高齢者は若年者よりもウイルス感染に対してより感受性が高く、ウイルス感染による死亡率も高いとされています。

細胞はウイルスと戦うためにエネルギーが必要ですが、加齢とともにNAD+というエネルギー生産に関わる物質が減少することが、ウイルスへの抵抗力が弱まる原因と考えられています。

 

日本のSBXバイオサイエンスの科学者たちは、NAD+を増やす効果を持つ物質であるNMNが細胞の抗ウイルス防御にどのような影響を与えるかについて研究を行いました。

 

その結果、NMNは人工的に感染させたヒト細胞において、炎症を引き起こすIL-6というタンパク質の活性化を抑えることが示されました。また、NMNはPARP9というタンパク質の活性化を抑制し、いわゆる”NAD+の戦場”であるウイルスと細胞の戦いにおいて、PARP9が十分なNAD+レベルを持つことでウイルスに打ち勝つことをサポートすることも示されました。これらの結果から、NMNがウイルス媒介性の炎症を軽減し、ウイルスに対する防御を助ける可能性が示唆されました。

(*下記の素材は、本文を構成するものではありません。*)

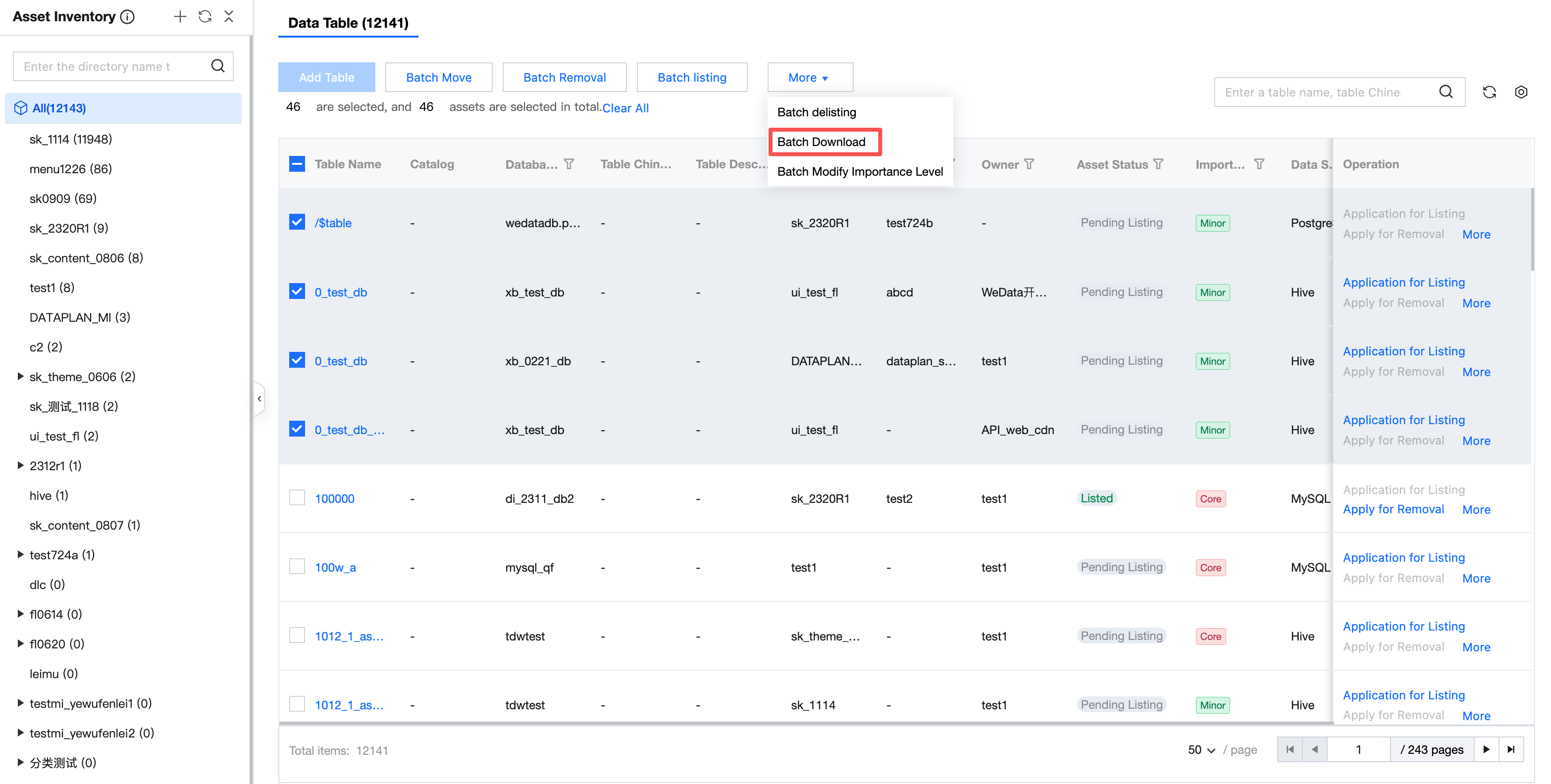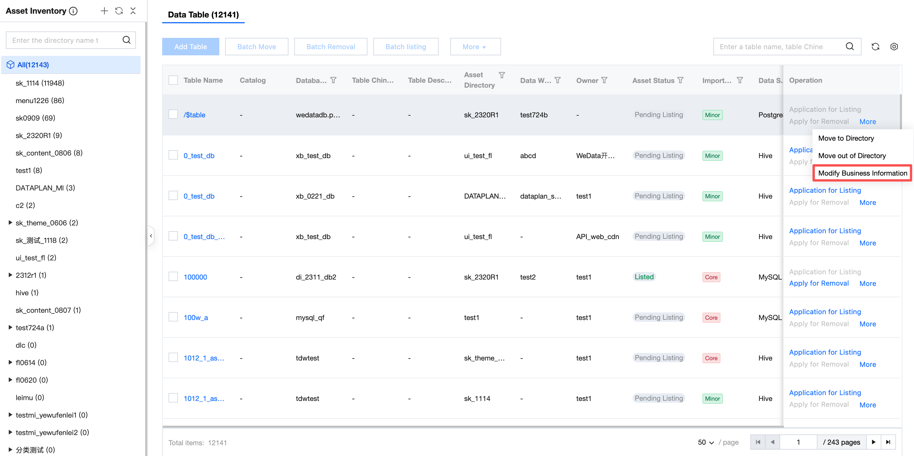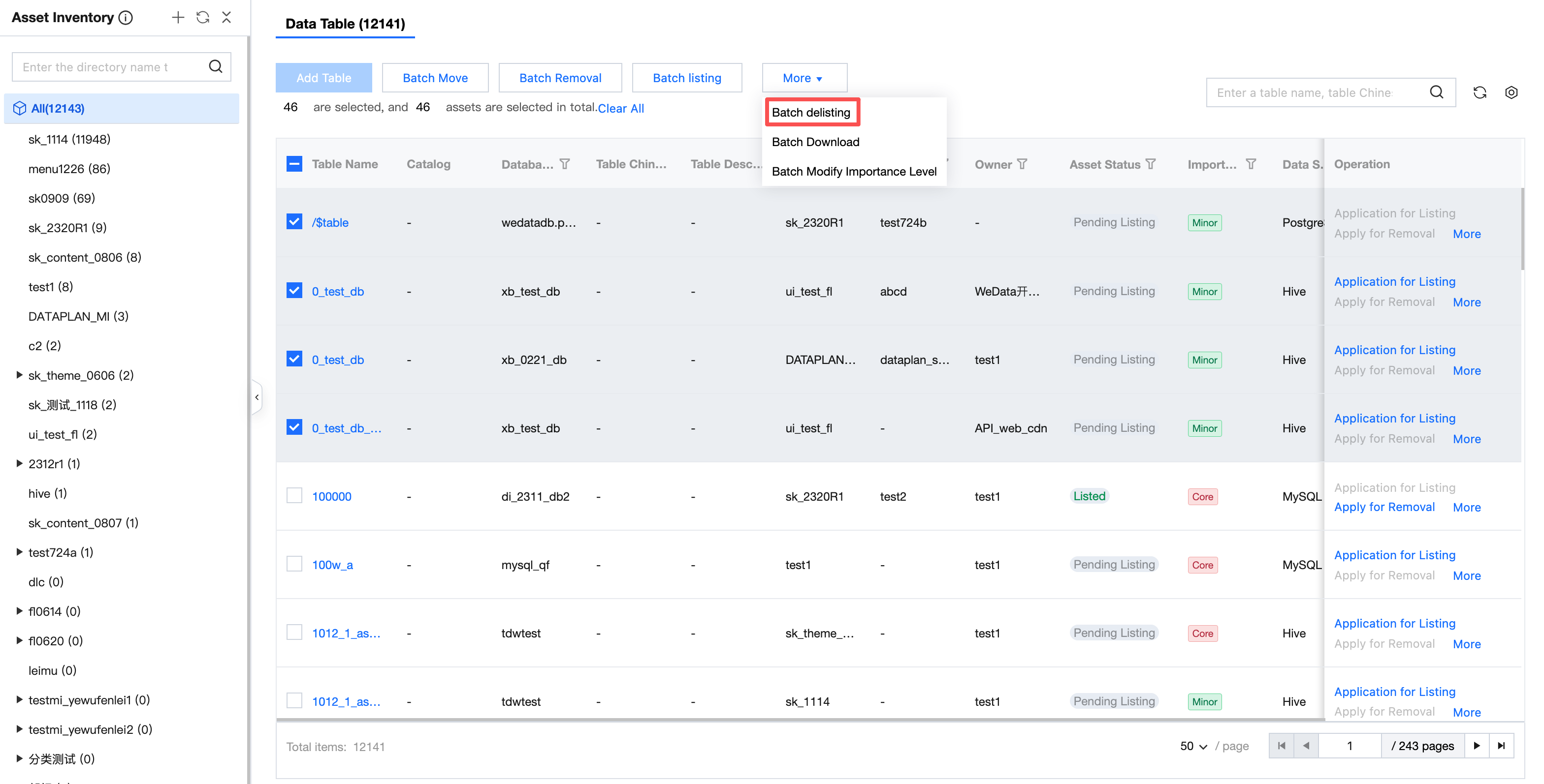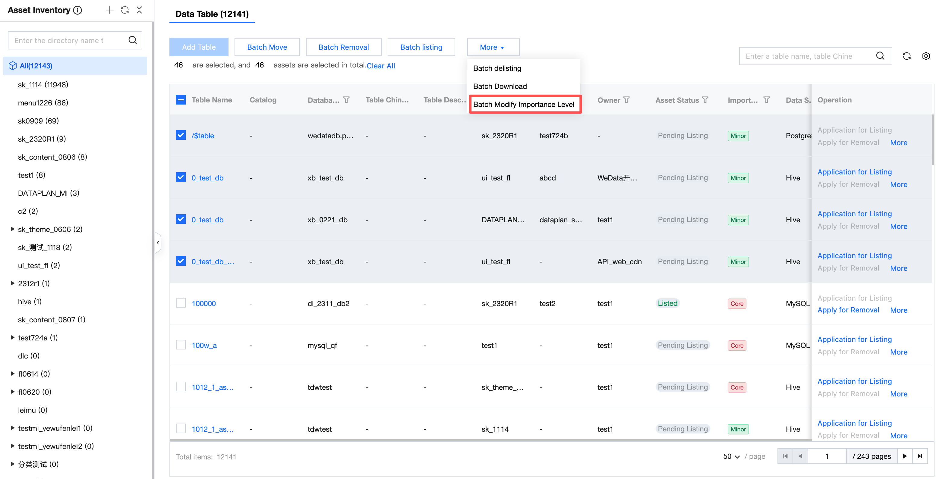 Inventory for tables: add table, move table (batch move), listing/removing table (batch listing/removing), download table, modify table importance level, modify table business information.
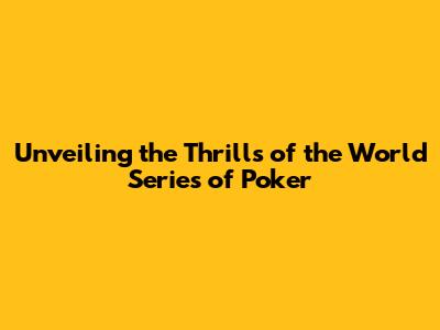 Unveiling The Thrills Of The World Series Of Poker
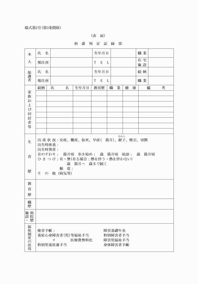 第3条 相談所長は、別記様式第2号の相談判定記録票を備え、必要な事項を記載しなければならない。
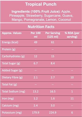 100% Fruit Juice - Tropical Punch - Mixed Fruit Juice With Coconut Bits - No Added Sugar Healthy Beverage - 100% Natural Ingredients - Zero Preservatives - Not From Concentrate - 250 ml - Yu
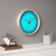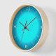 Un design aqua bleu lune rafraîchissant avec des chiffres en or bronze. Cette horloge est rehaussée par un cadre en bois naturel. Customiser pour changer les couleurs de la main et du cadre.
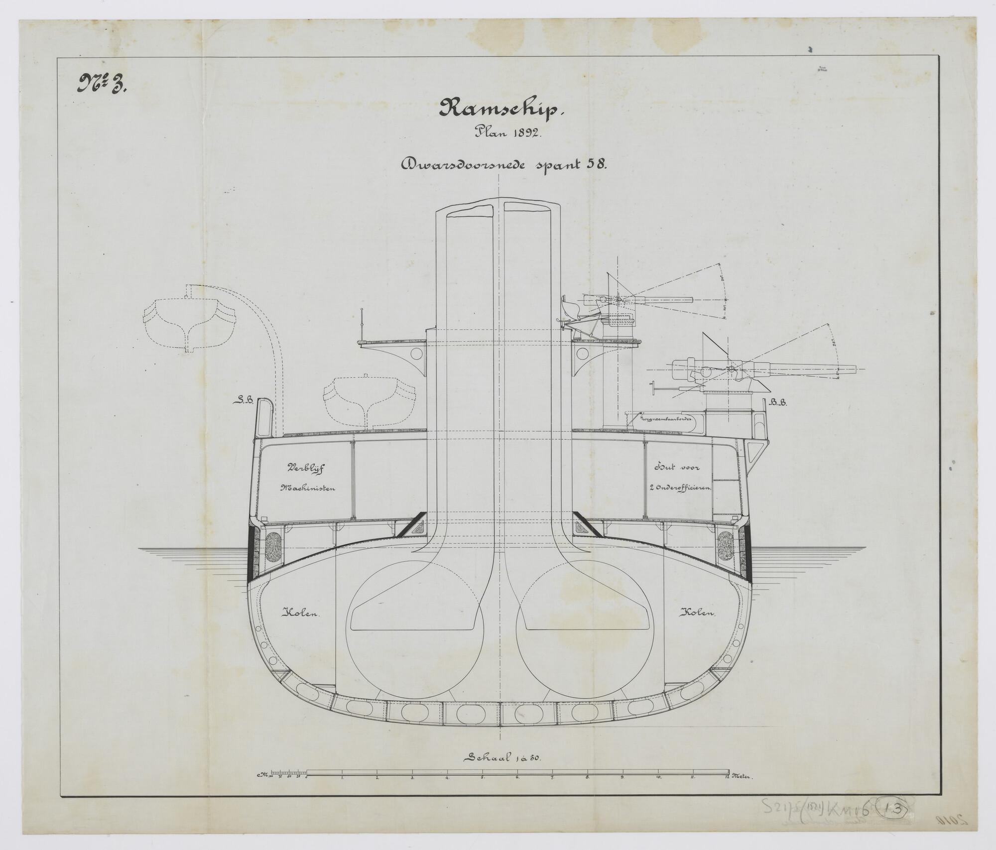 Dwarsdoorsnede spant 58 van het ramschip plan 1892, model voor de pantserschepen Hr.Ms. "Kortenaer", Hr.Ms. "Piet Hein" en Hr.Ms. "Evertsen". Kanon van 7.5 cm, kanon van 15 cm. Verblijf machinisten, hut onderofficieren. Kolenhokken. 2 stoomketels met schoorsteen (schaal 1:50).
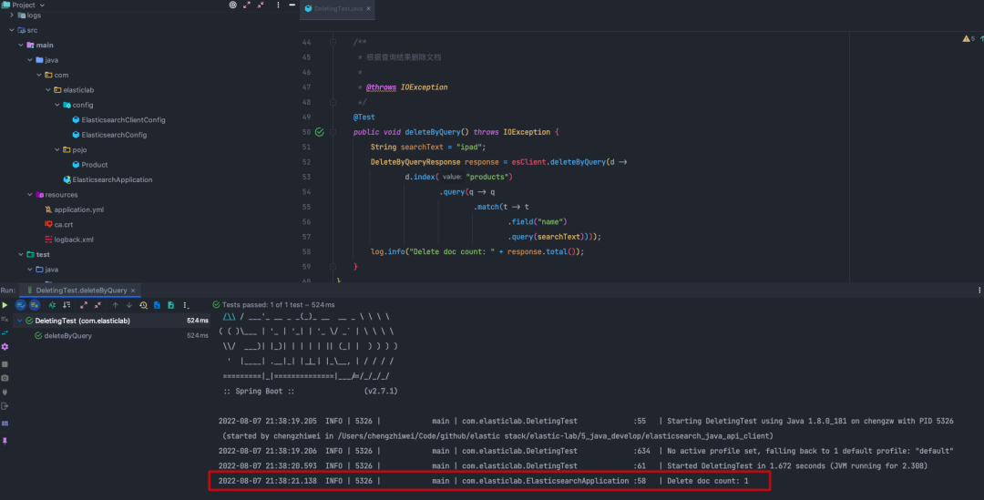 批量删除文档可以使用 deleteByQuery。如下所示,删除索引 products 中所有 name 字段的值是 ipad 的文档。
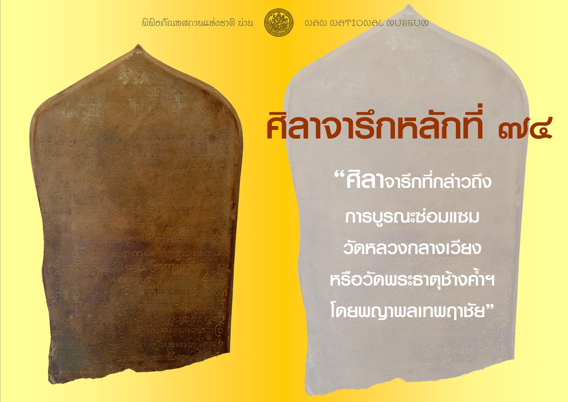 ๖. ศิลาจารึกหลักที่ ๗๔ กล่าวถึงการบูรณะซ่อมแซมวัดหลวงกลางเวียงหรือวัดพระธาตุช้างค้ำฯ โดยพญาพลเทพฤาชัย
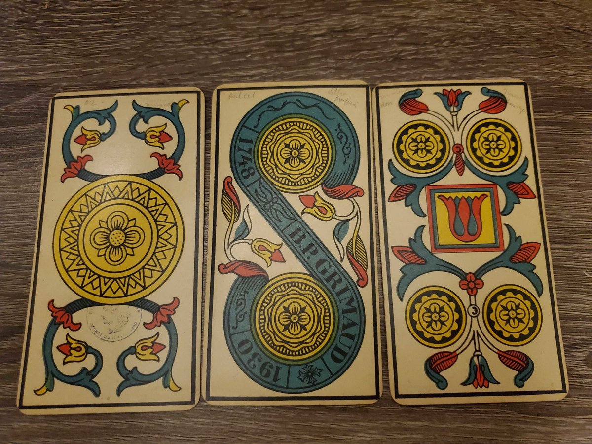 Raggydoll Posted December 29, 2019 Author Posted December 29, 2019 7 minutes ago, bookshop said: Guys guys guys guys i can't believe i'm holding this in my hands, but looooooooook at it Apologies for the sheen, they're under a lamp light and it was hard to block out the glare completely. I might take better pictures in the morning in natural light. I can't believe it, I've spent hours and hours looking at pictures of this deck in all its variants online and I was still completely unprepared for how vivid the colors were in real life.<3 The seller I got this deck from, McClosky's, said they'd dated it to 1931, which makes it one of the oldest Grimaud variants that I know of. It's even got the French tax stamp! I feel extremely extremely lucky to have found a version of this deck that was relatively affordable, and at Christmas, no less. I'm just blown away by it. I honestly spent months and months trying to find this deck variant, in this shade of teal/blue/whatever, and omg it was so so so worth it. I feel like I could take a depth year just to get to know this deck. I could look at it forever. Congratulations!!! This is amazing!! 😍
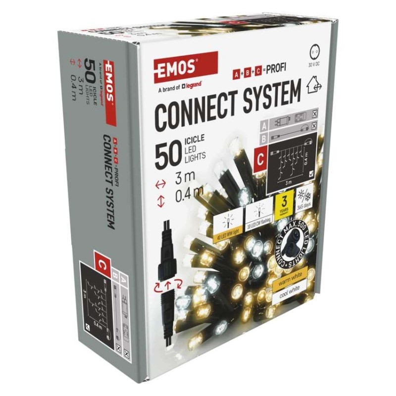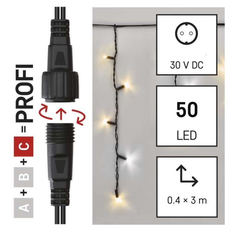 Propojovací systém CONNECT SYSTEM PROFI je díky stupni krytí IP44 vhodný k vnitřnímu i venkovnímu použití. Vyznačuje se zvýšenou odolností materiálu a prodlouženou zárukou 3 let. Vysoce kvalitní gumové kabely umožňují celoroční instalaci bez nutnosti demontáže za jakýchkoliv teplotních podmínek. Vybírat můžete ze standardních řetězů, krápníků a clusterů. Z jediného napájecího zdroje (A) připojeného k prodlužovacím kabelům, rozbočovačům (B) a světelným LED prvkům (C) je možné napájet až 500 LED světýlek.
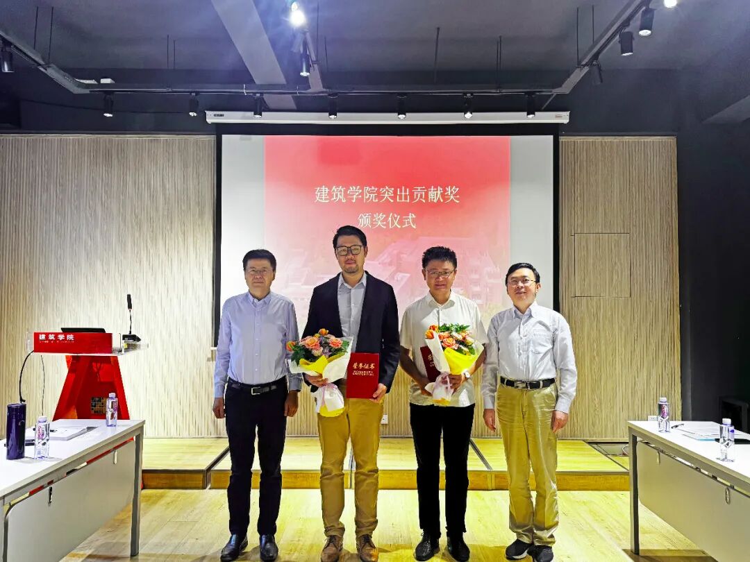 突出贡献奖”颁奖仪式。沈中伟院长与胡伟书记共同为获奖教师颁奖。宣湟老师凭借其在第六届青年教师讲课比赛及第五届全国高校教师教学创新大赛中的卓越表现,荣获两项一等奖,成为“双赛冠军”;杨林川老师则因其作为建筑学科全球顶尖学者及四川省青年五四奖章获得者的杰出表现,受到表彰。两位获奖教师的突出贡献,不仅提升了学院的教学科研水平,更为全体教师树立了榜样。
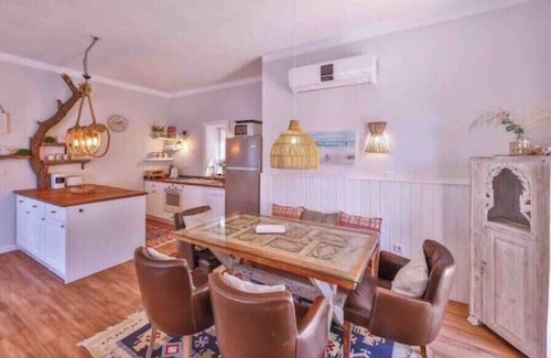 As soon as you enter Villa Lycia, you will have the pleasure of stepping into a warm Mediterranean home. American cuisine in the style of Country,colorful chandeliers, a stone-covered fireplace and a seating corner in front of the window, equipped with natural structures, cushions and throw pillows, dozens of books left for our reading,small decorative objects, white tulles hanging from the windows, and the blueness that fills in are candidates to set a throne in your heart.
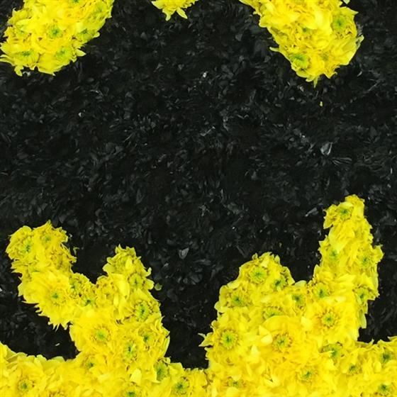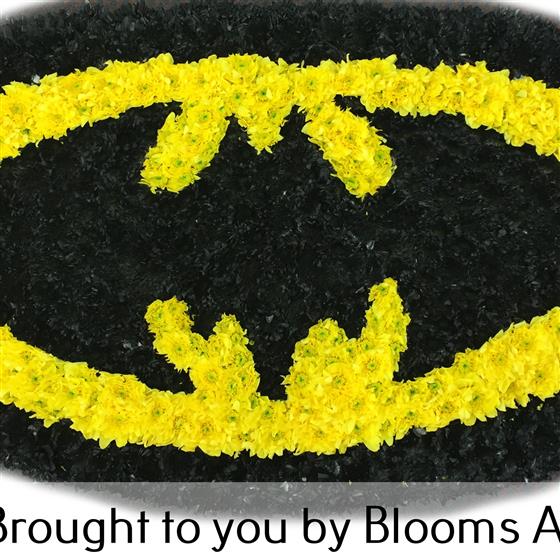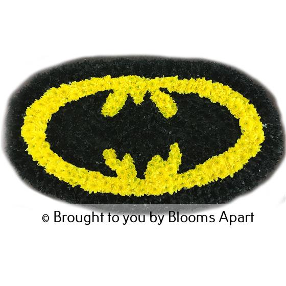 Batman Logo made with black dyed double chrysanthemums and yellow double chrysanthemums. Tribute size is 90cm x 60cm. (size can be modified).
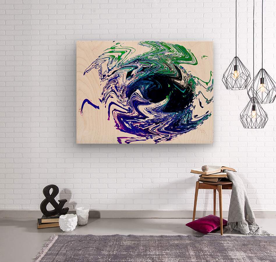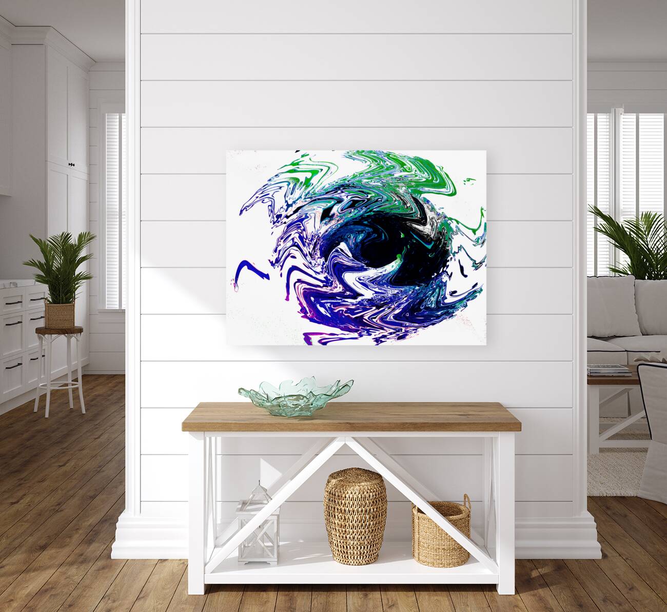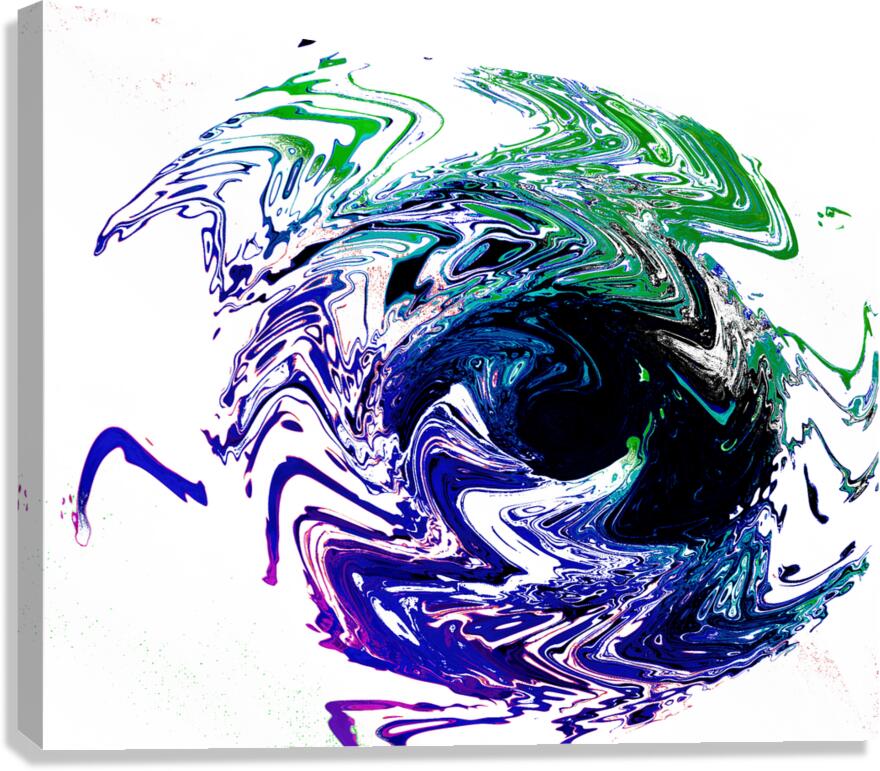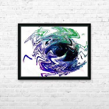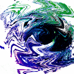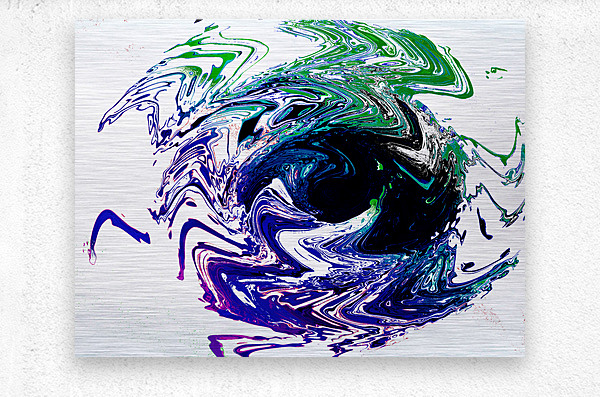 Originally a close up photo of a Daisy flower laterally digitally manipulated (using various artistic filters in canva.com) into a stunning piece of contemporary modern art. Features a swirling vortex of vibrant colors which dominates the scene, with green, purple, and blue hues blending into an intense, black center. The dynamic, flowing lines create a sense of motion and energy.

慢性炎症は器官や組織にダメージを与え、加齢関連の疾患の基礎にもなりますが、NMNはこれを軽減する効果があることが研究で示されています。マウスを用いた実験では、NMNが免疫細胞から分泌される炎症性タンパク質を減少させたり、炎症性腸疾患や肥満関連の炎症を軽減する効果も見られました。また、肺の損傷に対してもNMNがIL-6などの炎症性タンパク質の減少を促すことが確認されています。最近の研究では、敗血症と呼ばれる過剰な免疫反応による全身的な炎症に対してもNMNが脳の炎症を抑える効果が報告されています。これらの結果から、NMNは広範な加齢関連の状態において炎症を軽減し、抗炎症の抗老化化合物としての役割をサポートしていると考えられます。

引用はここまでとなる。